Combined CO & Dust Scaling Relations of Depletion Time and Molecular Gas Fractions with Cosmic Time, Specific Star Formation Rate and Stellar Mass

TL;DR

This study combines CO and dust measurements to establish scaling relations for molecular gas depletion time and gas fractions in star-forming galaxies across redshifts 0 to 3, revealing their dependence on cosmic time, sSFR, and stellar mass.

Contribution

It provides new, consistent scaling relations for molecular gas properties in galaxies, demonstrating minimal variation in the CO-H2 conversion factor across the main sequence.

Findings

Gas depletion time scales as (1+z)^-0.3 and sSFR^-0.5.

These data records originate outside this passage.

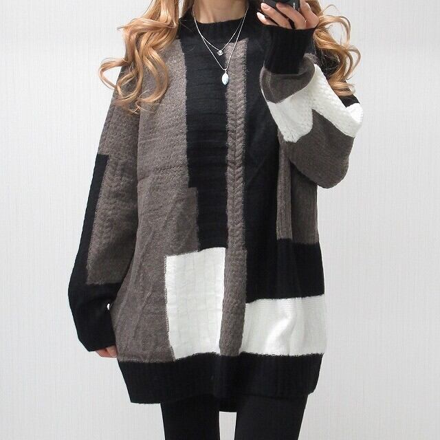 配色切替 パネル配色 あったか肉厚 セレブ 上質ニット プルオーバー モカ
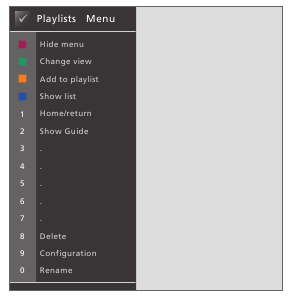 In anderen Ansichten; Drücken Sie die gelbe Taste, um den markierten Sender oder die Gruppe zu einer Wiedergabeliste hinzuzufügen.
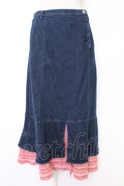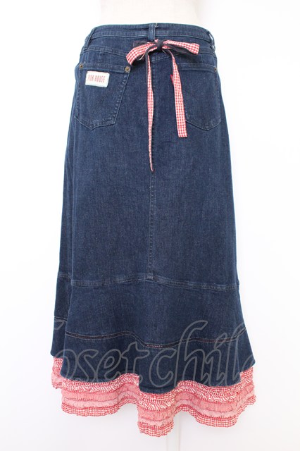 PINK HOUSE / ギンガムチェックフリルデニムスカート M インディゴ T-25-11-21-030-LO-SK-SA-ZT [2100060000038974-T-25-11-21-030-LO-SK-SA-ZT]
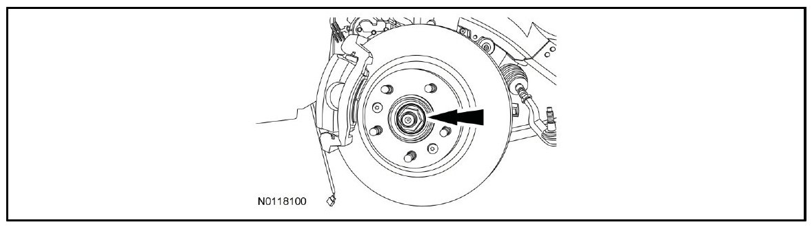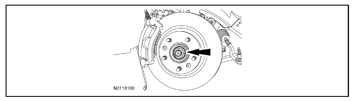 9. NOTICE: Do not tighten the halfshaft nuts with the vehicle on the ground. The nuts must be tightened to specification before the vehicle Is lowered onto the wheels. Wheel bearing damage will occur If the wheel bearing Is loaded with the weight of the vehicle applied.
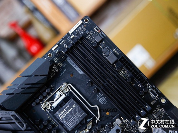 在I/O区域,接口数量丰富,并且使用了ROG一体化I/O背板设计,其独特的锁定机构,可以显着提升I/O端口和主板的接触面,防静电能力和防尘能力显著提高,同时更贴合机箱,非常方便安装。
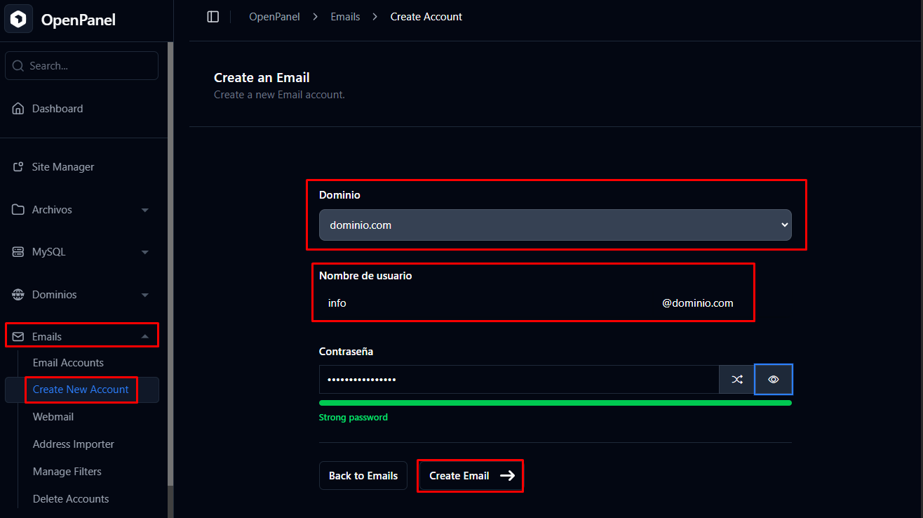 Create Email Account. - Selecciona el dominio disponible en la lista desplegable.
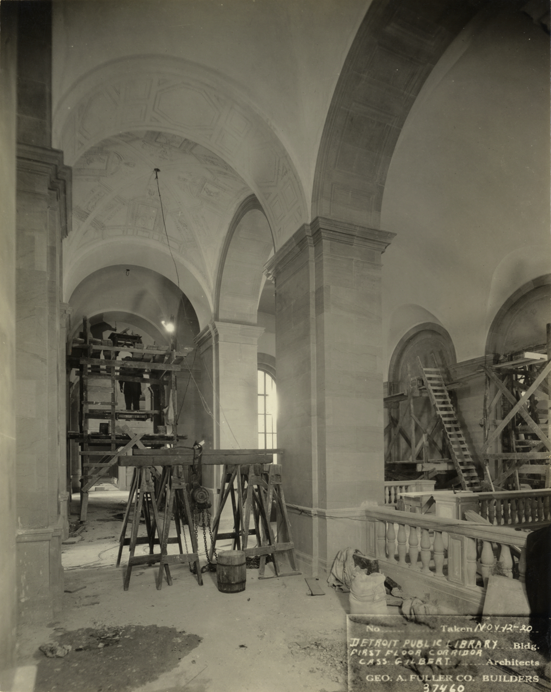 View of first floor corridor, Main Library, Detroit Public Library during construction. Arched corridor; workmen stand on scaffolding. Sawhorses, ladder and construction materials in hallway. Printed on front: "No. [blank]. Taken Nov-12-20. Detroit Public Library bldg., first floor corridor. Cass Gilbert, architects. Geo. A. Fuller Co., builders, 37460." Stamped on back: "Manning Bros., commercial photographers, 504-505 Lincoln Building, corner State and Park Sts., Detroit, Mich."
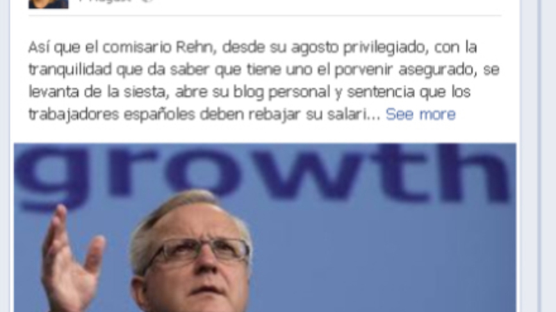 Næstformand for det socialistiske parti, Elena Valenciano, raser mod formanden for EU-kommissionens økonomiudvalg, Olli Rehn, for sit forslag om, at ”spanierne bør gå ti procent ned i løn for at redde landets økonomi”.
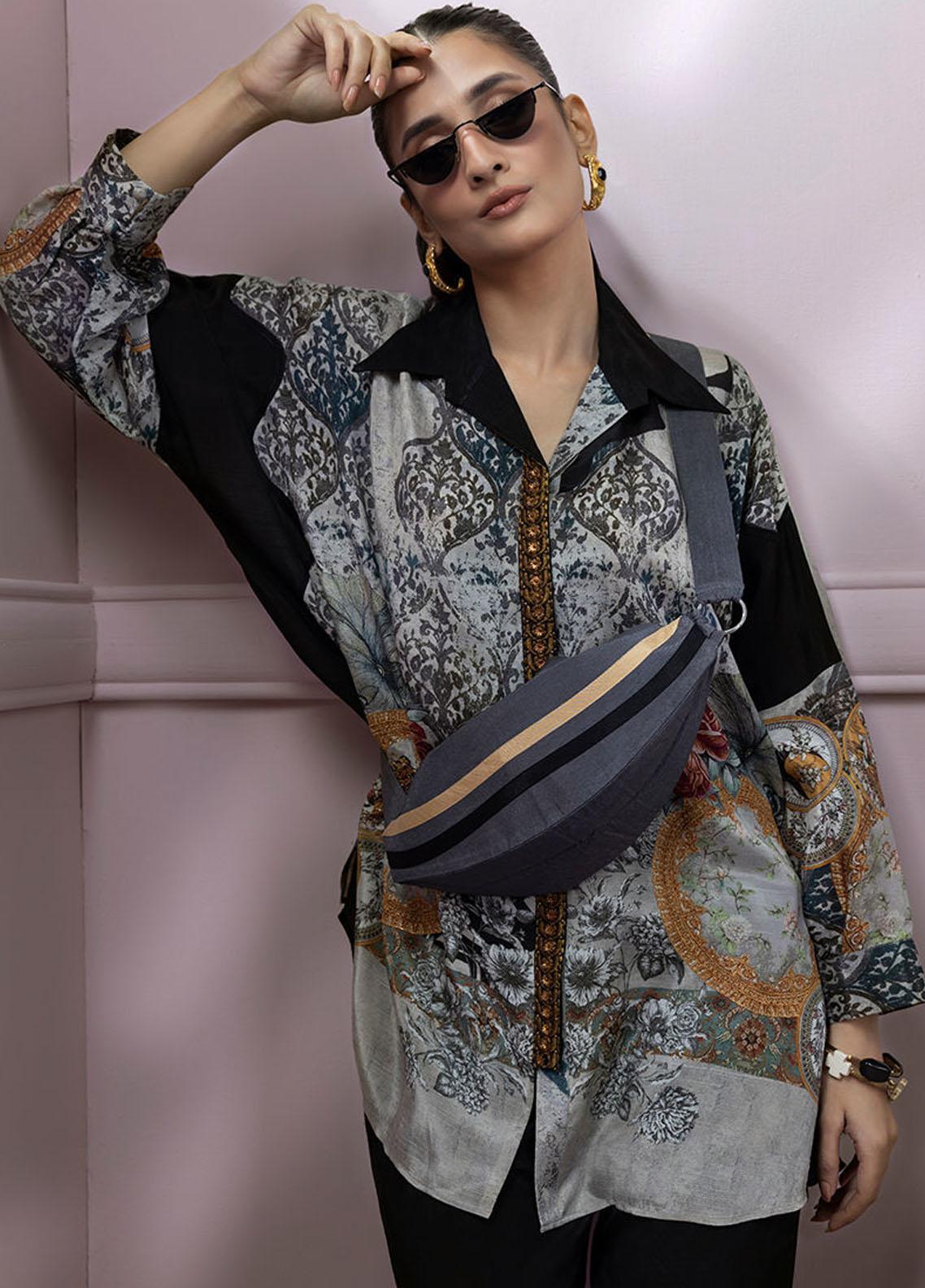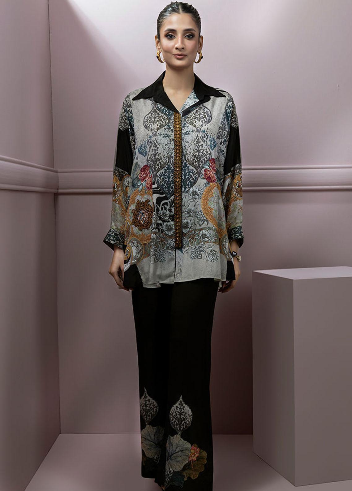 V-neck buckle shirt styled with printed pants. Shirt has detailed thread floral embroidery on centre of shirt with zari hint. Looks best for an official events, evening parties, local and international wear. Bag can be added seperately as per customer request.
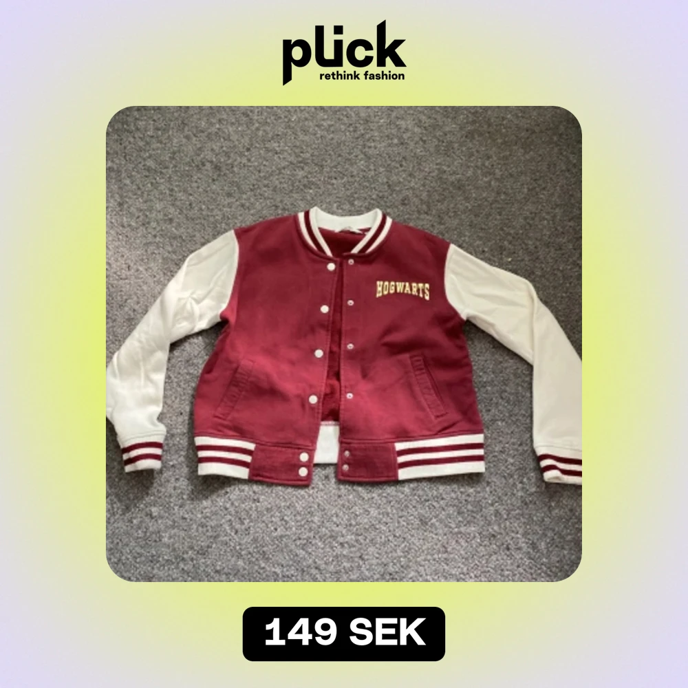 Säljer en snygg röd och vit bomberjacka med Hogwarts-tema. Jackan har långa vita ärmar och en röd kropp med vita detaljer. På framsidan står det 'Hogwarts' i guld och på baksidan finns Hogwarts vapensköld. Perfekt för alla Harry Potter-fans! Jackan har knappar och ribbade muddar vid ärmslut och nederkant. köparen betalar för frakt
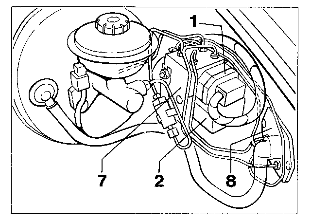 1. A system test (function test) must be performed if work is performed on the hydraulic unit No.7, the speed sensors and the wiring harness or if the hydraulic unit is exchanged. This is the case after accident repairs, for example. This prevents electrical and hydraulic lines from being swapped and ensures flawless operation of the system.
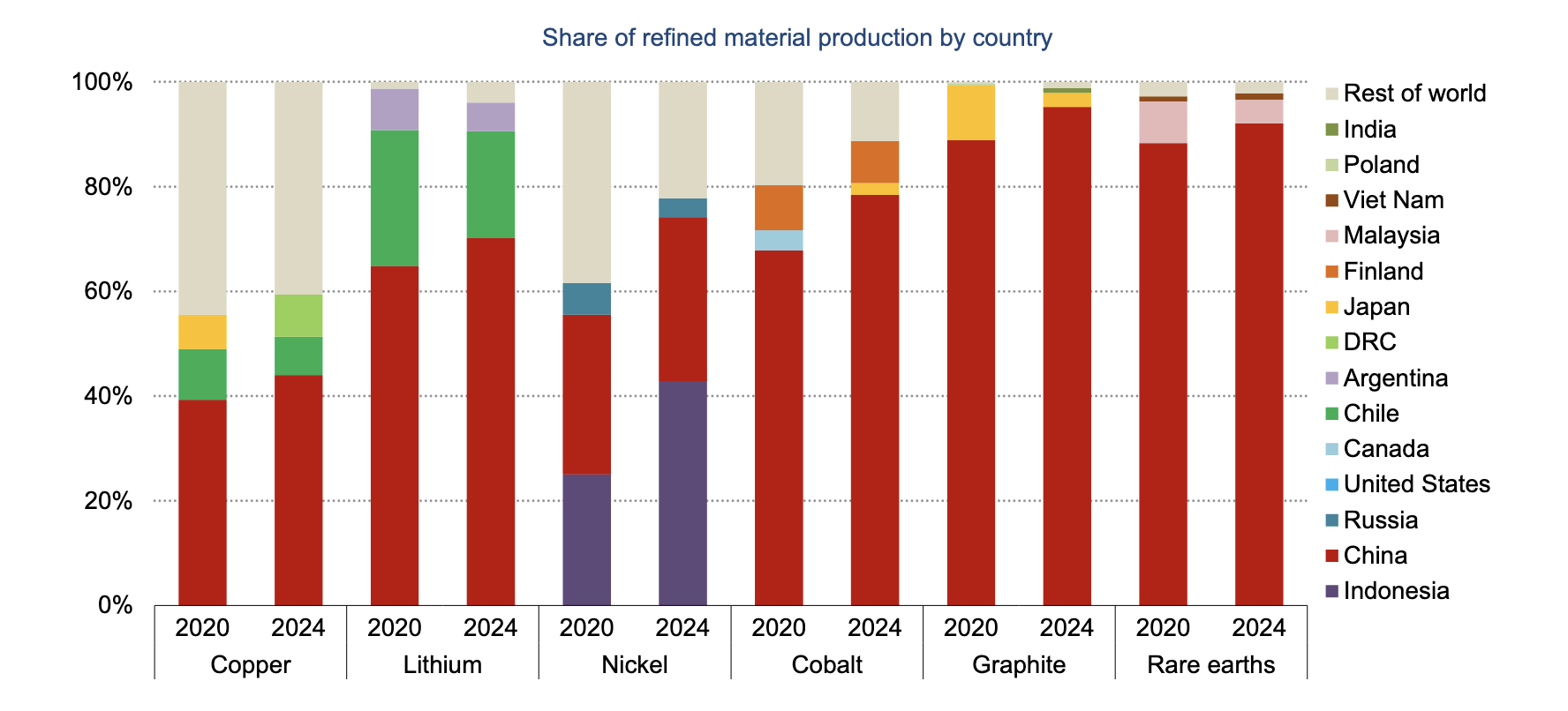 Right-sizing the China challenge means seeing both dominance and vulnerability. China has accumulated much strength in the midstream: refining and processing. It controls an average share of 70% of refining of 19 out of the 20 most important critical minerals tracked by the IEA, with rates above 90% for graphite, and rare earths. Even more striking, between 2020 and 2024, China added almost all of the growth in global refining output: cobalt (97%), rare earths (96%), graphite (98%) and even copper (83%).
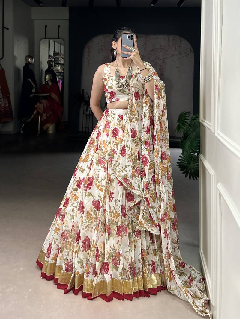 White Printed Chiffon Ethnic Lehenga Choli With Dupatta
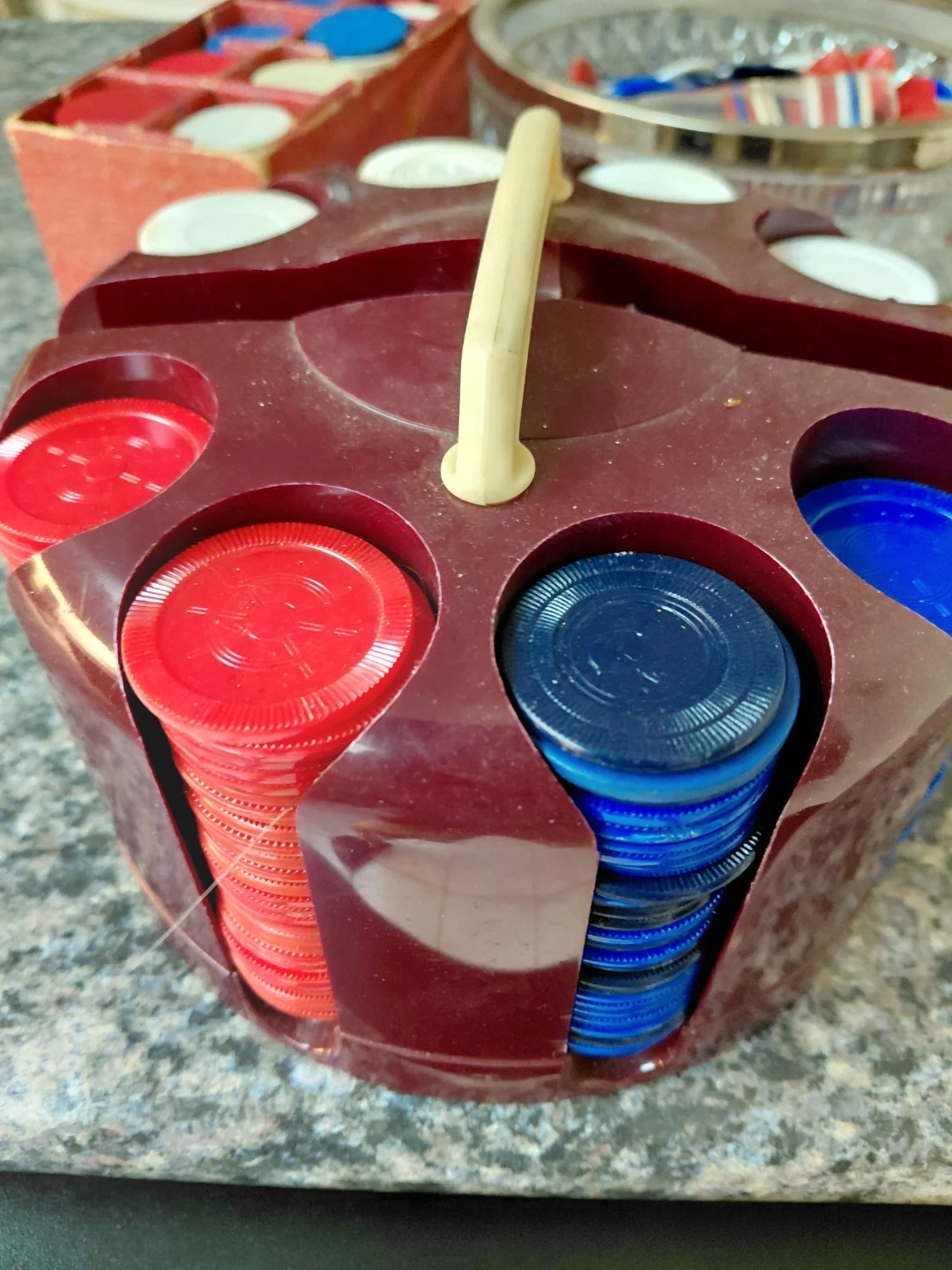 vintage poker chip set with a rotating case! The set includes a variety of red, white, and blue chips. The case is in good condition and has a handle for easy carrying. Perfect for game nights or adding to a collection

Gas to stellar mass ratio scales as (1+z)^3.

Accurate molecular gas mass estimates with 0.1dex precision.

Abstract

We combine molecular gas masses inferred from CO emission in 500 star forming galaxies (SFGs) between z=0 and 3, from the IRAM-COLDGASS, PHIBSS1/2 and other surveys, with gas masses derived from Herschel far-IR dust measurements in 512 galaxy stacks over the same stellar mass/redshift range. We constrain the scaling relations of molecular gas depletion time scale (tdepl) and gas to stellar mass ratio (Mmolgas/M*) of SFGs near the star formation main-sequence with redshift, specific star formation rate (sSFR) and stellar mass (M*). The CO- and dust-based scaling relations agree remarkably well. This suggests that the CO-H2 mass conversion factor varies little within 0.6dex of the main sequence (sSFR(ms,z,M*)), and less than 0.3dex throughout this redshift range. This study builds on and strengthens the results of earlier work. We find that tdepl scales as (1+z)^-0.3 *(sSFR/sSFR(ms,z,M*))^-0.5, with little dependence on M*. The resulting steep redshift dependence of Mmolgas/M* ~(1+z)^3 mirrors that of the sSFR and probably reflects the gas supply rate. The decreasing gas fractions at high M* are driven by the flattening of the SFR-M* relation. Throughout the redshift range probed a larger sSFR at constant M* is due to a combination of an increasing gas fraction and a decreasing depletion time scale. As a result galaxy integrated samples of the Mmolgas-SFR rate relation exhibit a super-linear slope, which increases with the range of sSFR. With these new relations it is now possible to determine Mmolgas with an accuracy of 0.1dex in relative terms, and 0.2dex including systematic uncertainties.